Of particular interest to environmentally-conscious consumers are the eleventh and twelfth goals. These respectively look to foster ‘Sustainable Cities and Communities’ and ‘Responsible Consumption and Production’. 

SDG12 is in turn divided into eleven targets. The first eight of these are ‘outcome’ targets. The remaining three are ‘means of achievement’ targets. In the former category, we have reducing food waste and optimising our use of natural resources, among others. In the latter are programmes such as supporting developing countries and building new technologies and establishing new techniques to more accurately measure our progress.

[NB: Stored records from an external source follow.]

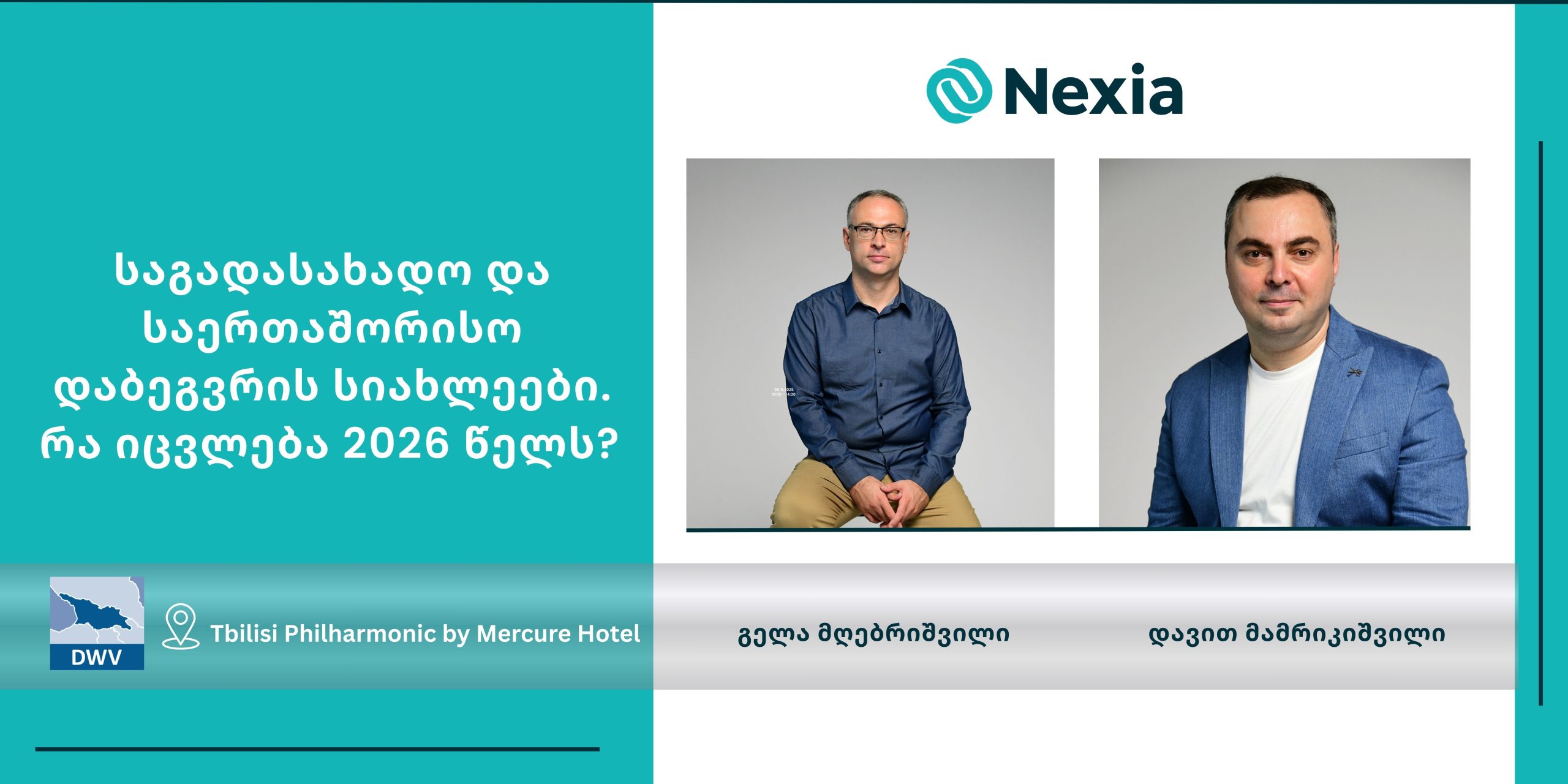 2026 წლის 25 თებერვალს სასტუმრო Tbilisi Philharmonic by Mercure-ში გაიმართა გერმანიის ეკონომიკური გაერთიანებისა (DWV) და ნექსია საქართველოს ერთობლივი სემინარი თემაზე: საგადასახადო და საერთაშორისო დაბეგვრის სიახლეები. რა იცვლება 2026 წელს?
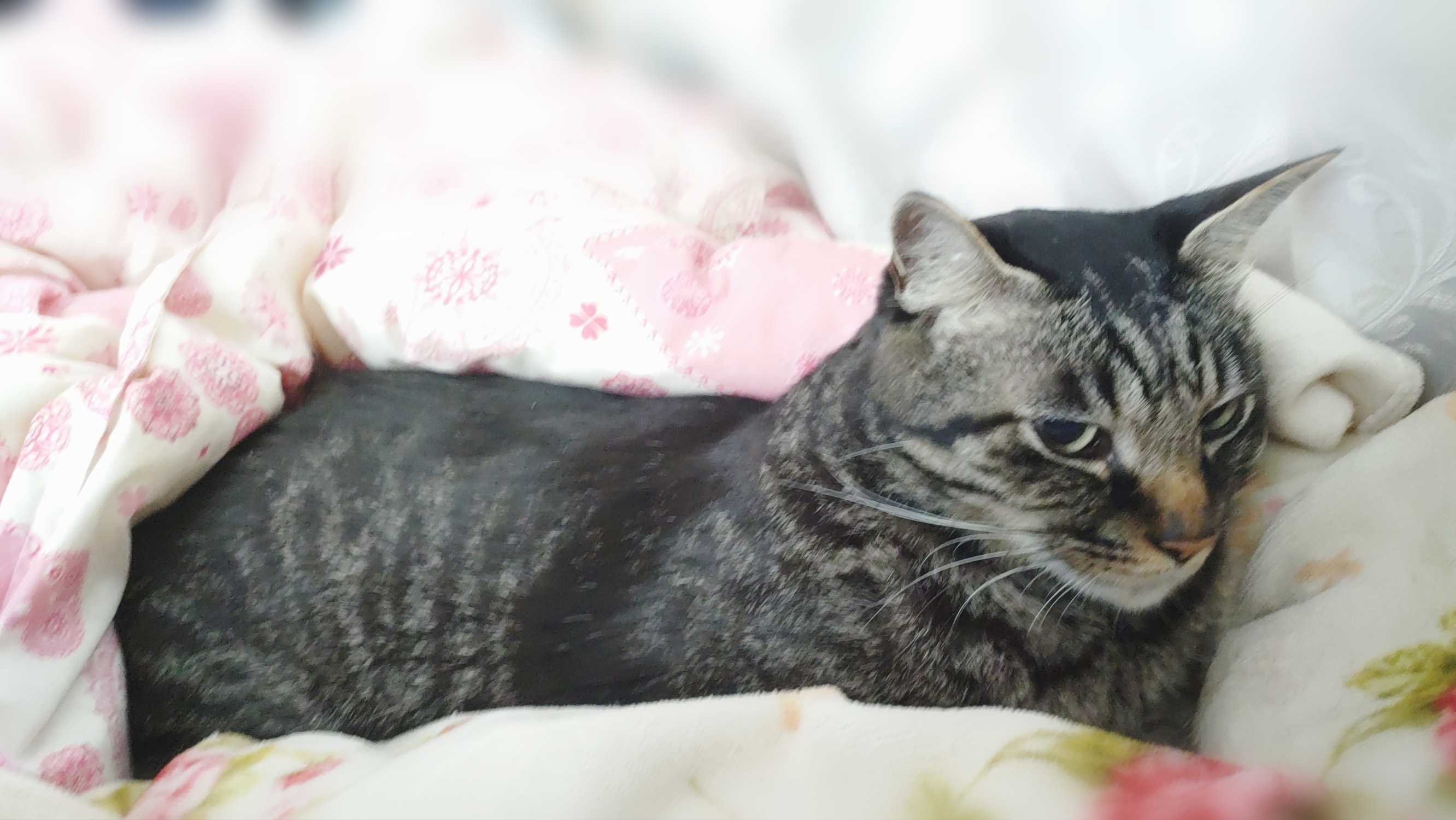 一気に涼しくなり 夜は薄掛けでは寒くて毛布追加したら猫くんが時々は添い寝するように…
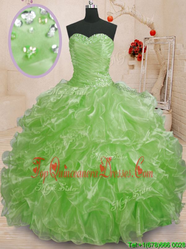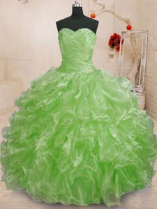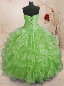 Spectacular Sleeveless Lace Up Floor Length Beading and Ruffles Quince Ball Gowns
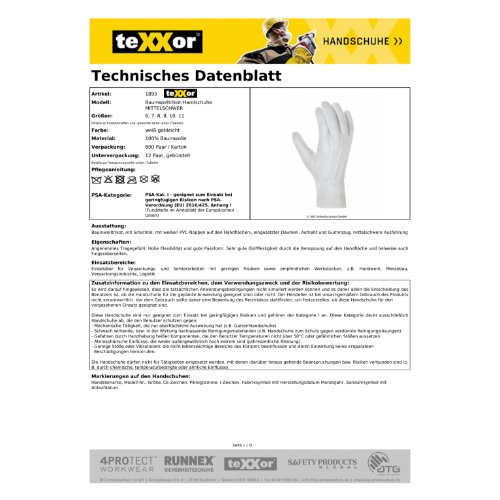 Eigenschaften "teXXor® Baumwolltrikot-Handschuhe MITTELSCHWER 8, weiß gebleicht"
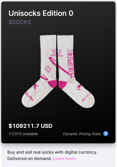 사실 이 유니삭스가 이 가격에 거래되고 있는 이유는 유니스왑의 UNI토큰 출시 당시에 SOCKS토큰 홀더들을 대상으로 에어드랍이 있었던 것과 한정판으로 발행되어 315개만 존재한다는 이유 때문이었습니다. 여기에 유니삭스는 세상에서 가장 비싼 양말로 이름을 올리면서 마케팅 효과까지 가미가 되었습니다.

Recommerce is undoubtedly going to be crucial in abiding by target 12.5, which has the full title of “By 2030, substantially reduce waste generation through prevention, reduction, recycling and reuse”.

Any businesses that aspire to greenness should be aware of SDG. For those companies, sustainable development is now high on the agenda. Many believe this philosophy should extend to every department — from procurement to Human Resources.

We should expect UN member states to create the environment that businesses of this kind need to thrive — which means building green infrastructure and establishing clear rules on shady practices that promote narrow business interests over broader environmental ones. Most notorious among these are ‘right to repair’ laws, which seek to guard against planned obsolescence. 

A right to repair law is, in theory, designed to empower customers to repair faulty appliances themselves or with the help of a third party. If the UN’s targets are to be met, then the UK and countries like it will need to create a regulatory environment that does this. Among the main beneficiaries of legislation like this would be the recommerce industry, and businesses that take corporate social responsibility obligations seriously.

What might the future hold?

A thriving recommerce sector could potentially work as part of this sustainable future. It seems likely that we may see a considerable cultural shift, with shoppers of the future seeing the purchase of brand-new items as an occasional luxury, rather than the norm.